Batch convert Obsidian notes to audio

for file in *.md; do
  python3 clean_obsidian_for_tts.py "$file" | \
    piper -m ~/piper-voices/en_US-amy-medium.onnx \
    -f "${file%.md}.wav" \
    --sentence-silence 0.3 \
    --length-scale 0.67
done

Convert articles with image transcriptions to audio

For articles containing images (like screenshots, diagrams, or referenced images):

# Step 1: Download images from the article
mkdir -p /tmp/article_images
cd /tmp/article_images
curl -L "https://example.com/image1.png" -o image1.png
curl -L "https://example.com/image2.png" -o image2.png

# Step 2: View images and manually transcribe their content
# (Use your image viewer or convert images to text using OCR tools if available)

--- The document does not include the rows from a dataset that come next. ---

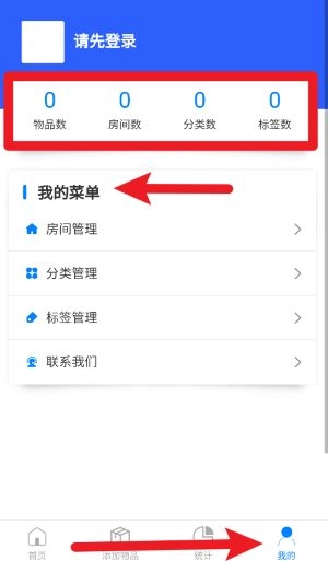 点击底部“我的”菜单,即可查看当前物品数量、房间数量、分类数量以及标签数量等数据概览,同时还能找到对应的管理入口。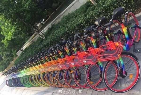 2017年6月19日,北京街头近日出现了一款七彩共享单车,在望京及三里屯商区都有投放。图片来源网络。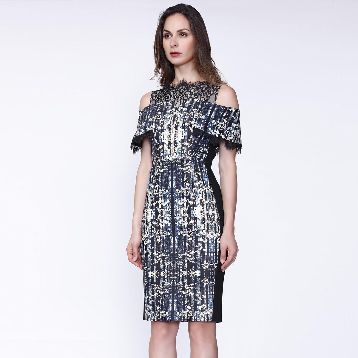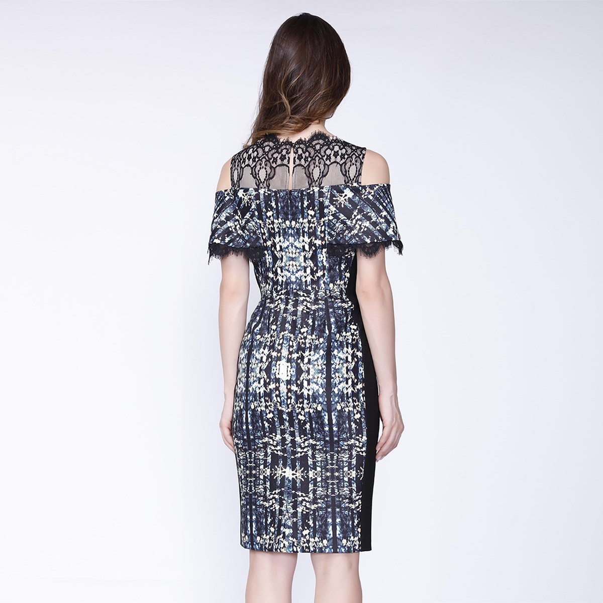 Robe cocktail courte imprimée, à décolleté bardot et garniture de dentelle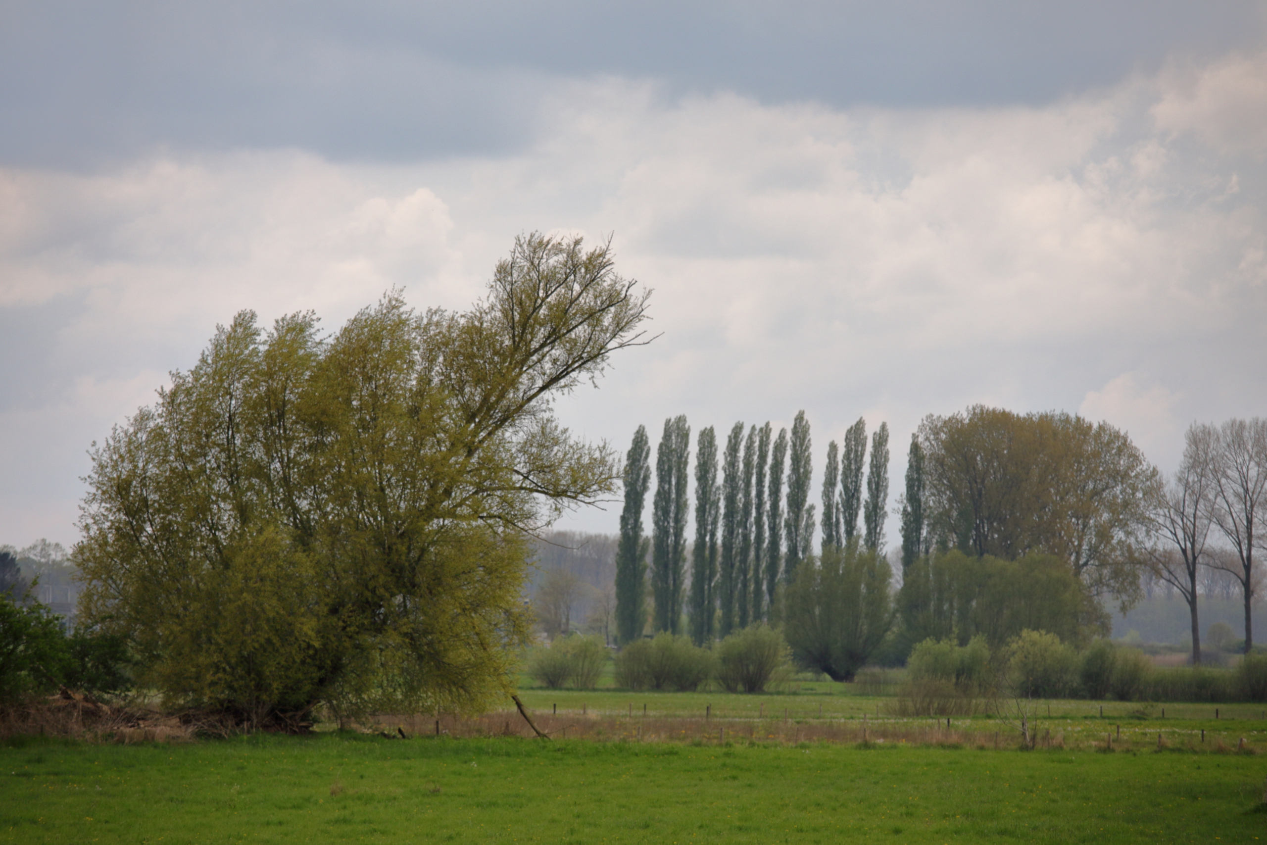 Een schietwilg op de voorgrond. Op de achtergrond zijn italiaanse populieren te zien en een ratelpopulier. Een fraai landschap in de uiterwaarden van een IJsselstrang.

# Step 3: Create an enhanced cleaned text file
# Start with the cleaned markdown, then replace image references with detailed transcriptions
python3 clean_obsidian_for_tts.py "article.md" > cleaned_base.txt

# Edit cleaned_base.txt to insert transcriptions like:
# Image 1: [Detailed description of what appears in image1.png]
# Image 2: [Detailed description of what appears in image2.png]

# Step 4: Convert the enhanced cleaned file to audio
piper -m ~/piper-voices/en_US-amy-medium.onnx \
  -i cleaned_with_transcriptions.txt \
  -f "article_with_images.wav" \
  --sentence-silence 0.3 \
  --length-scale 0.67

Example transcription format:

Original markdown:

![Screenshot of error message](https://example.com/error.png)

In cleaned text:

Image 1: Screenshot of error message

This image shows a red error dialog box with the message "File not found error 404". The dialog contains an OK button in the bottom right. The background appears to be a Windows desktop environment.

This approach ensures all visual content is represented in the audio version, making your content fully accessible to audio listeners.

Output to a specific directory

piper -m ~/piper-voices/en_US-amy-medium.onnx -i input.txt -d ~/audio-outputs -f output.wav

Available Options

  • -m, --model: Path to ONNX model file (required)
  • -c, --config: Path to model config file (optional, auto-detected from .onnx.json)
  • -i, --input-file: Path to input text file
  • -f, --output-file: Path to output WAV file (default: stdout)
  • -d, --output-dir: Directory for output files (default: current directory)
  • --output-raw: Stream raw audio to stdout instead of WAV
  • -s, --speaker: Speaker ID for multi-speaker models (default: 0)
  • --length-scale: Speech speed multiplier (default: 1.0)
  • --noise-scale: Generator noise level
  • --noise-w-scale: Phoneme width noise level
  • --cuda: Enable GPU acceleration
  • --sentence-silence: Seconds of silence between sentences (default: 0.0)
  • --volume: Volume multiplier (default: 1.0)
  • --no-normalize: Disable automatic volume normalization
  • --data-dir: Directory to search for voice models
  • --debug: Enable debug output

Tips

  1. Large files: For very large text files, consider splitting them into smaller chunks to avoid memory issues
  2. Quality vs Speed: Medium quality voices offer a good balance; high quality voices are slower but more natural
  3. Preprocessing: Remove special characters or formatting that might not be pronounced well
  4. Performance: The CLI loads the model each time; for repeated use, consider the HTTP API server mode

Troubleshooting

Command not found

Make sure /Users/katiemulliken/.local/bin is in your PATH:

export PATH="/Users/katiemulliken/.local/bin:$PATH"

Or use the full path:

/Users/katiemulliken/.local/bin/piper [options]

Model file errors

Ensure both the .onnx model file and .onnx.json config file are in the same directory with matching names.